Google, Facebook und tausende Informationsquellen – Bitte nutzen Sie diese auch BEVOR Sie etwas unterschreiben


Wir leben in einer Zeit von einem Überfluss an Information. Klar, einiges davon sind „Fake News“, einiges sicher auch gepuscht, beworben und oft sind auch Anzeigen von normalen redaktionellen Texten kaum zu unterscheiden. Klar, da ist mal ein Wort „Anzeige“ oder „Advertisement“ in der rechten oder linken Ecke, so richtig klar ist es aber nicht.

Aber gerade weil wir in einer Welt voller Informationen leben, gerade darum nutzen Sie diese doch bitte auch. Heute sind mir zwei Fälle begegnet, beide wären schnell und einfach vermeidbar gewesen und beide sollen zeigen, wie wichtig Informationen sind, BEVOR SIE einen Vertrag unterschreiben. Beide Fälle zeigen aber, warum eben nicht alles online und nebenbei zu erledigen geht.

Klar, ich könnte sagen: „Mir doch egal“ und „nicht mein Kunde“, was stört es mich. Mit beiden haben ich heute einige Zeit telefoniert, weil es im LiveChat (das Angebot auf meiner Website) zu langwierig wurde und es einfacher war kurz zu telefonieren. OK, aus kurz wurde lang, aber ich hoffe es hat beiden geholfen.

Fall 1, der Vater und der Pflegebedürftige Sohn

Ein gut verdienender Vater, angestellt, bisher in der gesetzlichen Krankenkasse, wie die Frau und der Sohn auch. Die Mutter ist selbst versichert, der Sohn in der Familienversicherung der beiden und somit alle in der GKV. Nun steigt das Einkommen, die Chance auf die Absicherung in der privaten Krankenversicherung wächst. Man bemüht das Internet, landet auf einem Vergleichsportal, rechnet (sich) die PKV und schließt diese ab. Soweit so unkompliziert. War ja ganz leicht und einfach. Oder?
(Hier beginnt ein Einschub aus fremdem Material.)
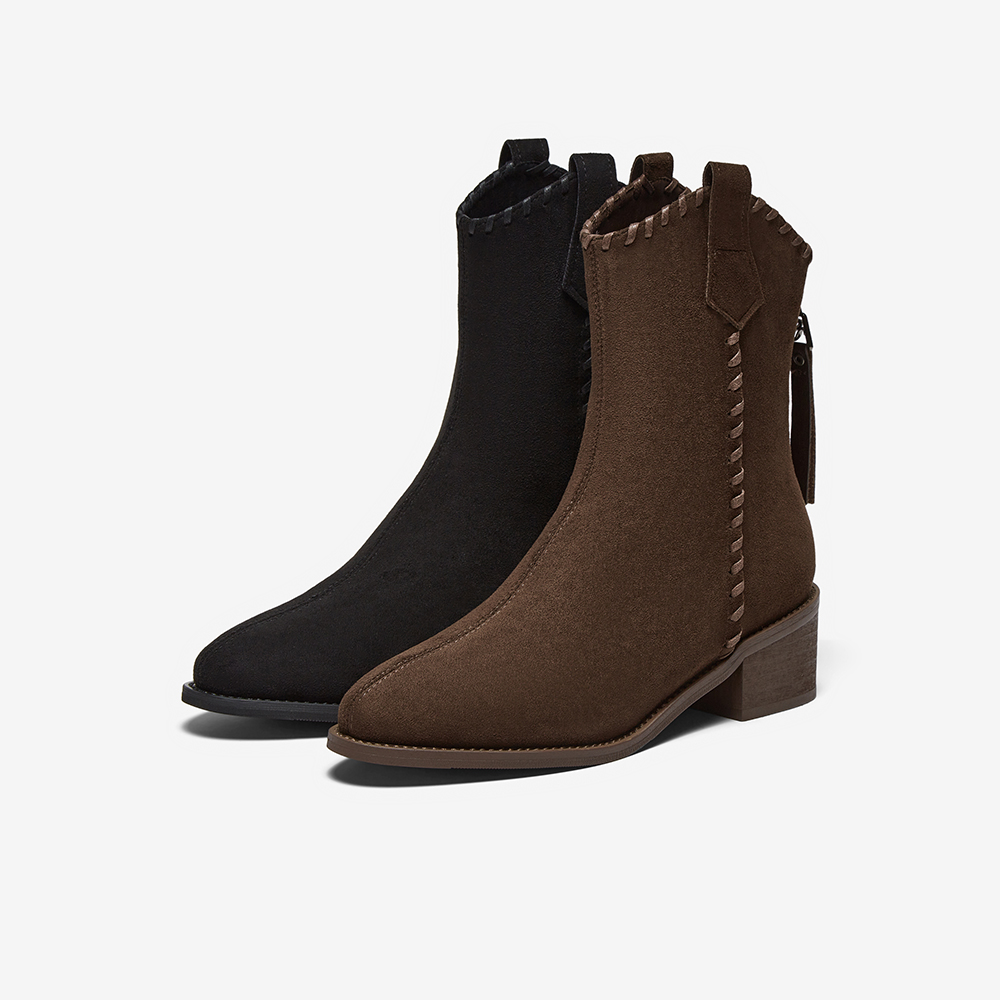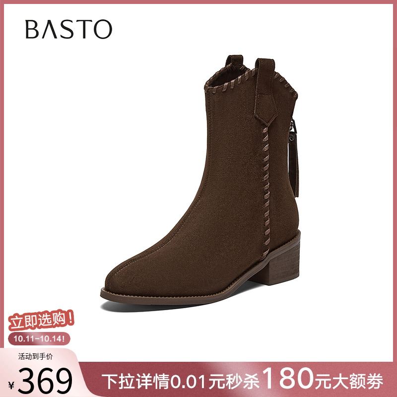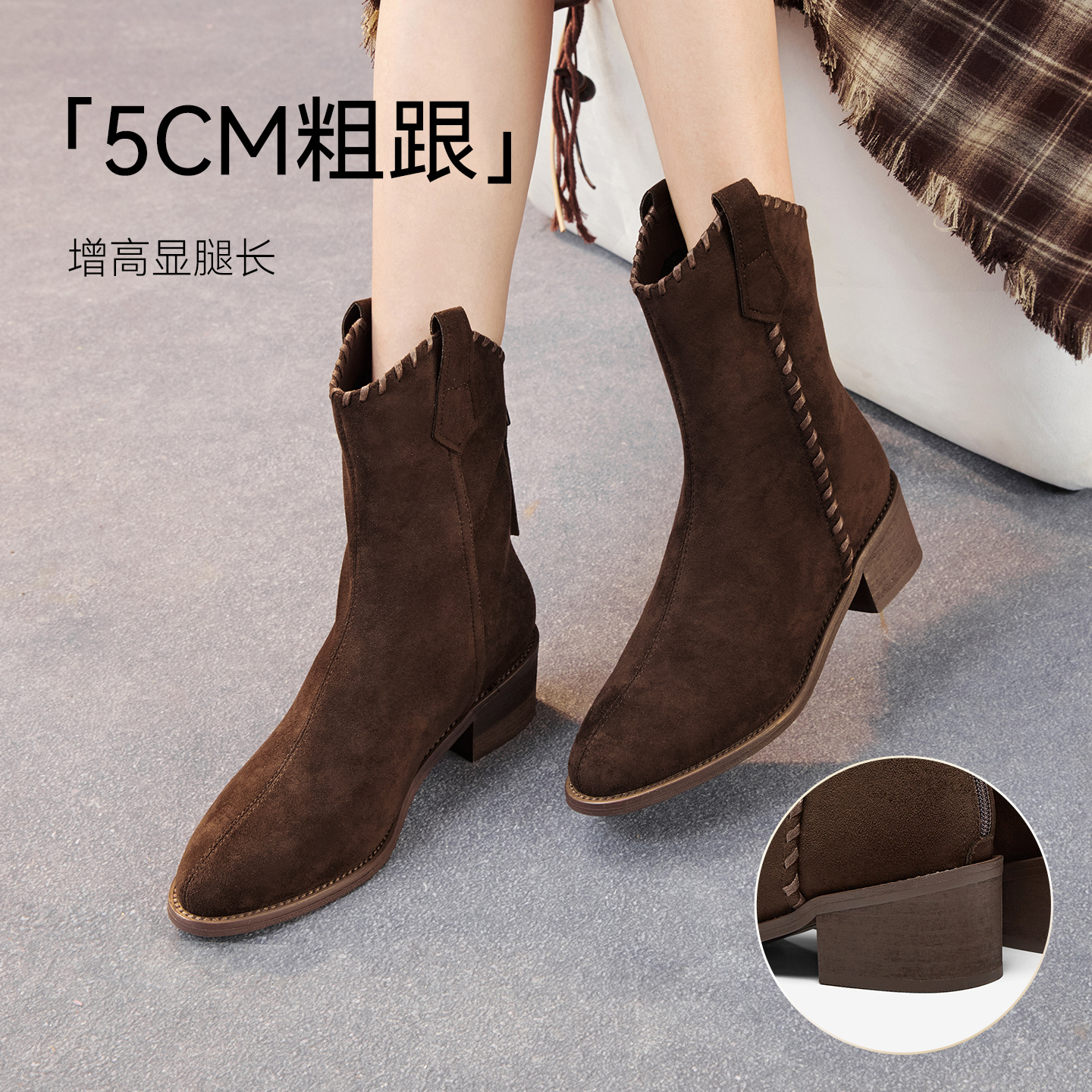 百思图2025冬季 V口绒面短靴粗跟女短筒骑士靴F3015DZ5 商场新款
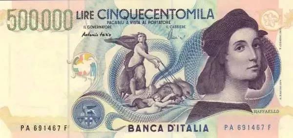 50万意大利里拉由于20世纪50年代之前的几次货币贬值,意大利从60年代末开始发行了5万和10万里拉,1997年又发行了50万里拉。50万里拉的正面是拉斐尔 的自画像和他的作品《嘉拉提亚的凯旋》,背面是拉斐尔于1509年为梵蒂冈签名大厅制作的巨幅壁画《雅典学派》。
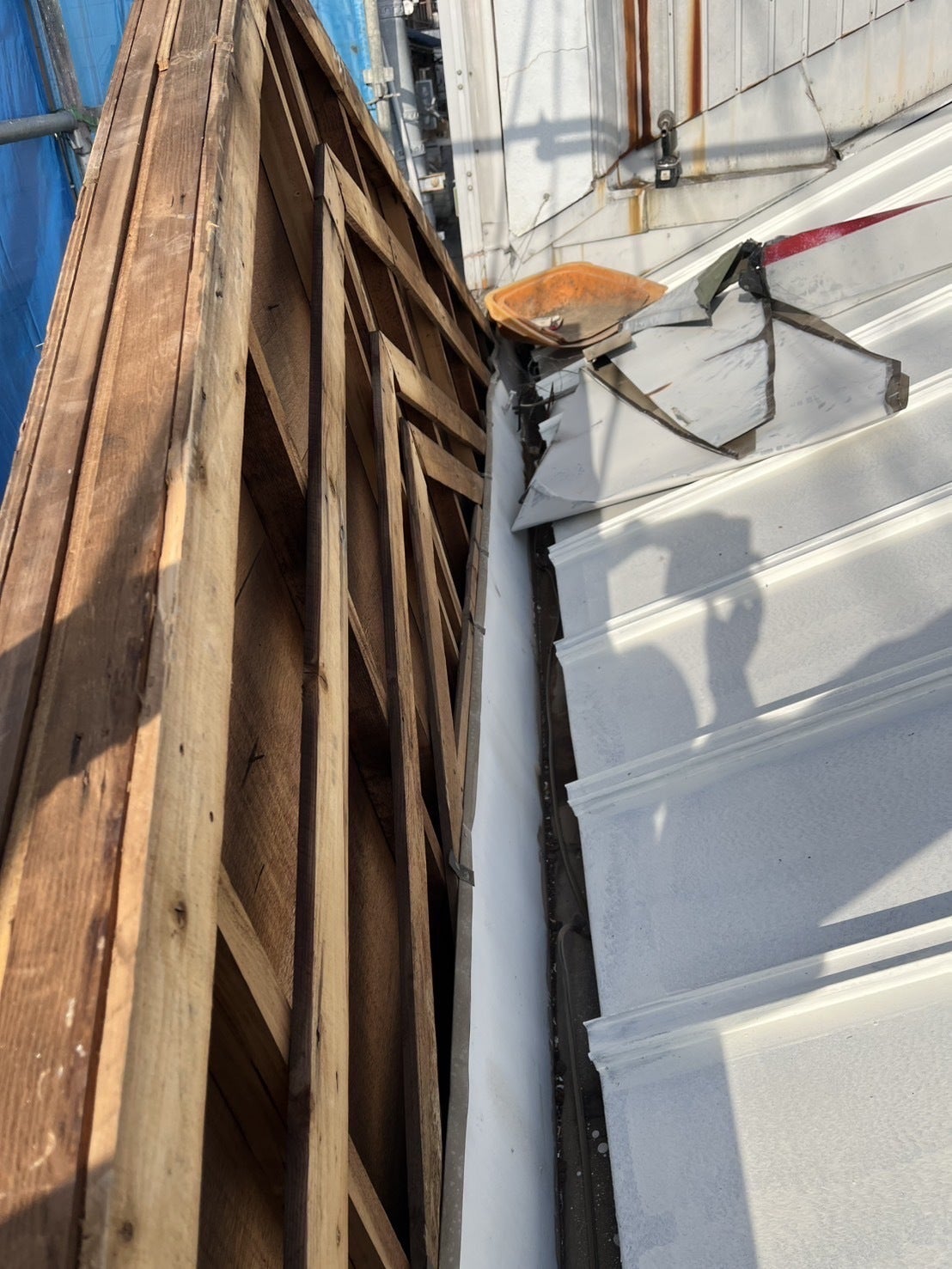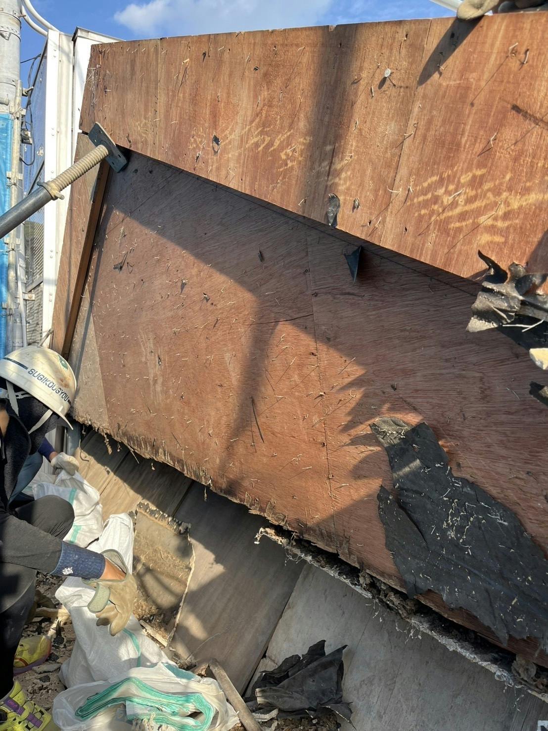 屋根の上に上がり、板金と外壁を剥がして
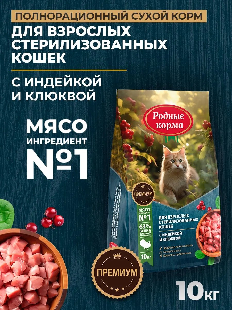 Родные корма Сухой корм для стерилизованных кошек с индейкой, 10 кг
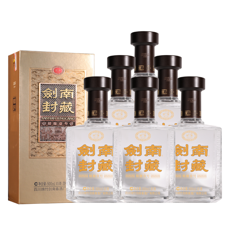 四川绵竹剑南春酒厂出品 剑南封藏 精酿壹号 52度 浓香型白酒 收藏自饮 500ml*6瓶 整箱
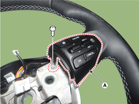 Снимите пульт дистанционного управления с рулевого колеса (А), предварительно ослабив крепежные винты.
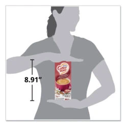 - Dispenser box of liquid creamer singles keeps the counter clean and organized.
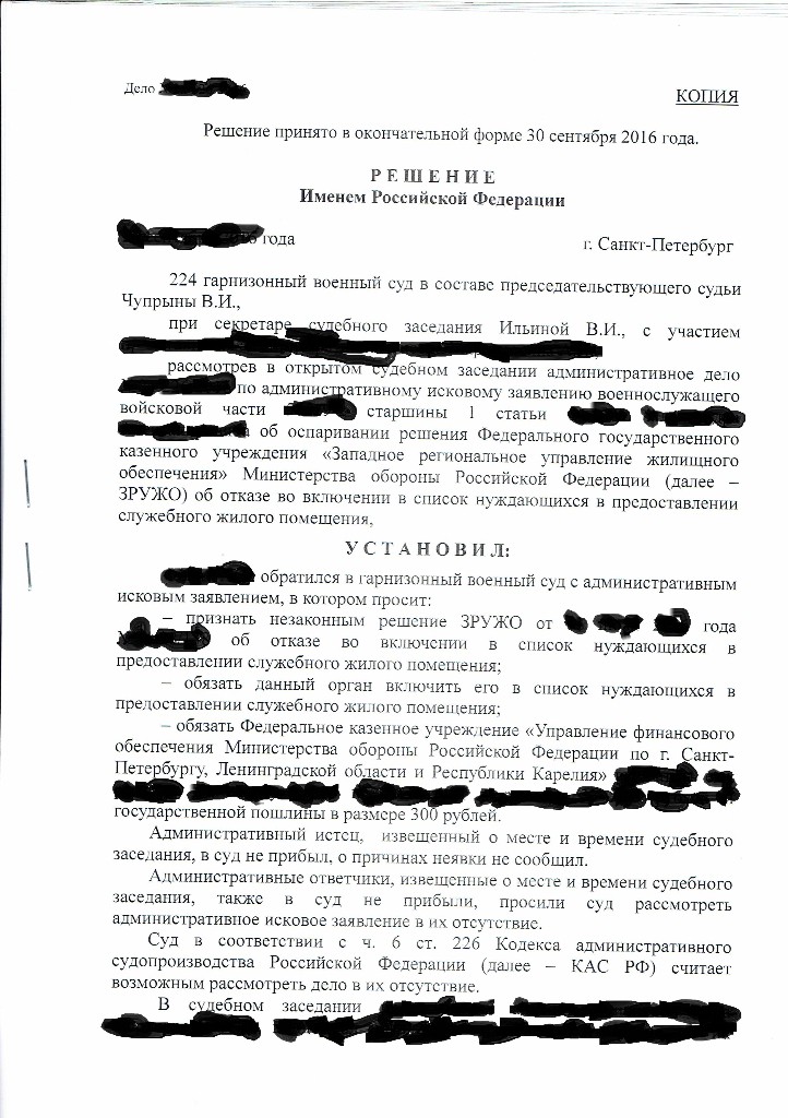 В марте 2016 года получает решение о предоставлении ему и дочки ЖС но без учёта его супруги.
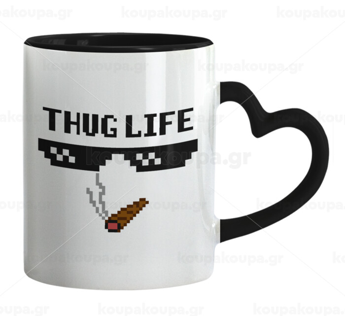 thug life, Κούπα καρδιά χερούλι μαύρη, κεραμική, 330ml
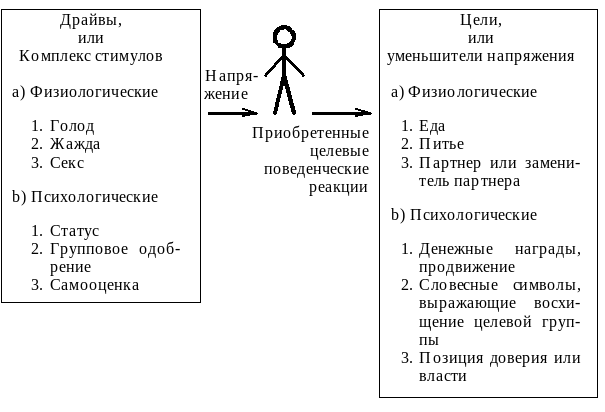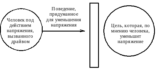 Сложность человеческого сознания очевидна, даже если иметь в виду эти основные биологические драйвы. Некоторые типы еды, хотя и являющиеся адекватными как цели, уменьшающие напряжение, могут быть запрещены некоторыми социальными группами. Даже если конкретная цель известна, приобретенные приемы для достижения этой цели в огромной степени различаются среди отдельных людей и среди обществ. Основная связь между драйвом, человеком и целью схематически показана на рис. 1.
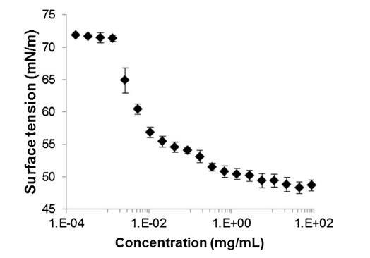 圖 2 牛氣水界面表面張力(±標準差) 精漿溶液中所含蛋白質(zhì)濃度的函數(shù) 提取并以對數(shù)刻度表示 (T = 23.2 ?C ± 0.3 ?C, n = 2, 4 次重復 每個樣品)。
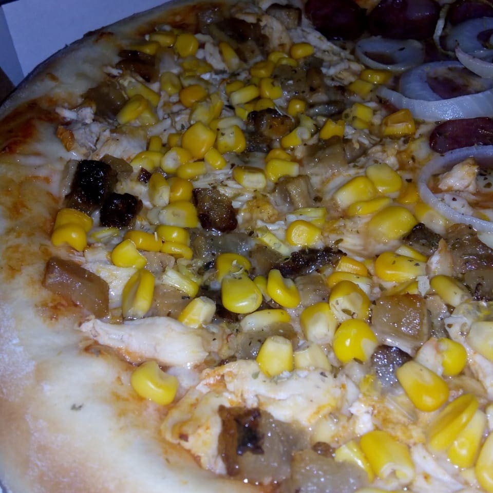 Molho, mussarela, frango, bacon ,milho , azeitonas e oregano.
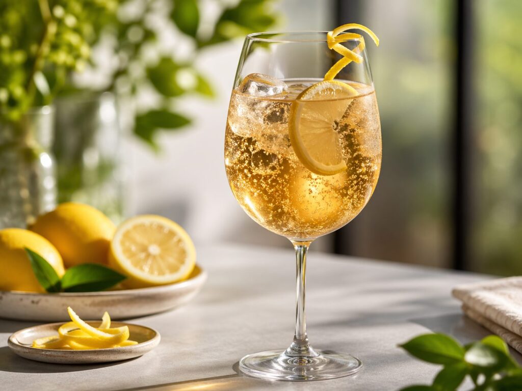 A bubbly alpine inspired spritz made with Almdudler, prosecco, lemon zest, and ice. This Almdudler Spritz is herbal, golden, lightly sweet, and refreshingly different from the usual spritz.
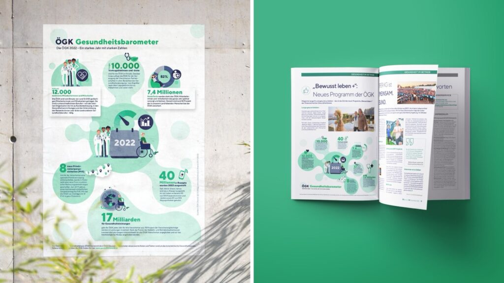 Je nach den im Kick-Off besprochenen Ausspielformaten, kann die Infografik jetzt vielseitig ein- und umgesetzt werden: Als Roll Up, Plakat, als Online Werbematerial oder in einer Broschüre – hier gibt es kaum Grenzen!
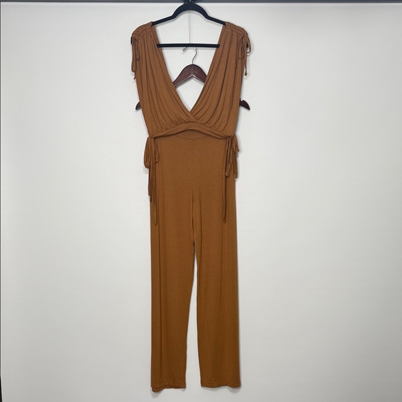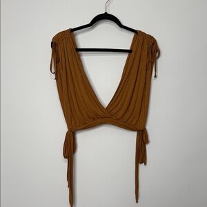 Crop top has tie shoulder details and side waist ties. V-neck and open back. Drapey and bohemian.

Die Police kommt vor einigen Wochen, Beginn soll erst noch sein. Der Versicherer tut alles was er tun muss und das richtig. Es folgen Hinweise zur Folgeversicherungsbescheinigung und diese wird- so geheißen- an die alte gesetzliche Krankenkasse geschickt. Der neue Beitrag in der PKV ist noch- JUHU- gleich 200 € günstiger, verglichen mit dem GKV Höchstbeitrag – alles richtig gemacht!

Oder doch nicht? – Was passiert mit dem Sohn?

Irgendwann kommen Rückfragen, Zweifel, es scheint etwas nicht ganz zu stimmen. Die GKV hat zwischenzeitlich die Kündigung bestätigt, die Private Versicherung alle Unterlagen zugeschickt und in einigen Wochen soll er vollzogen werden, der Wechsel in die PKV. Blöd nur, da wurde der Sohn und dessen Schutz wohl vergessen. Klar, in eine private Krankenversicherung ist dieser mit einem Antrag und Gesundheitsfragen nicht zu bekommen. Nie. Laufende Pflegebedürftigkeit und Behinderung sprechen dagegen. Keine Chance.

Dann muss der Sohn in der GKV bleiben und Beitrag zahlen

Stimmt, das geht ja auch. Aus der Familienversicherung wird eine freiwillige Versicherung des Sohnes. Die Voraussetzungen sind erfüllt, dabei zahlt dieser dann einen Beitrag in der Kranken- und Pflegeversicherung (anders als in der PKV ist diese für Kinder nicht beitragsfrei). Die nächste Ernüchterung: 185 € soll es kosten, jeden Monat und das für die GKV Leistungen. (Anmerkung. Ein Kind mit Pflegegrad und Behinderung lässt man in der GKV, die Frage stellt sich nicht. Allein wegen bereits getätigter Leistungszulagen, Betreuungsleistungen und vielem mehr.)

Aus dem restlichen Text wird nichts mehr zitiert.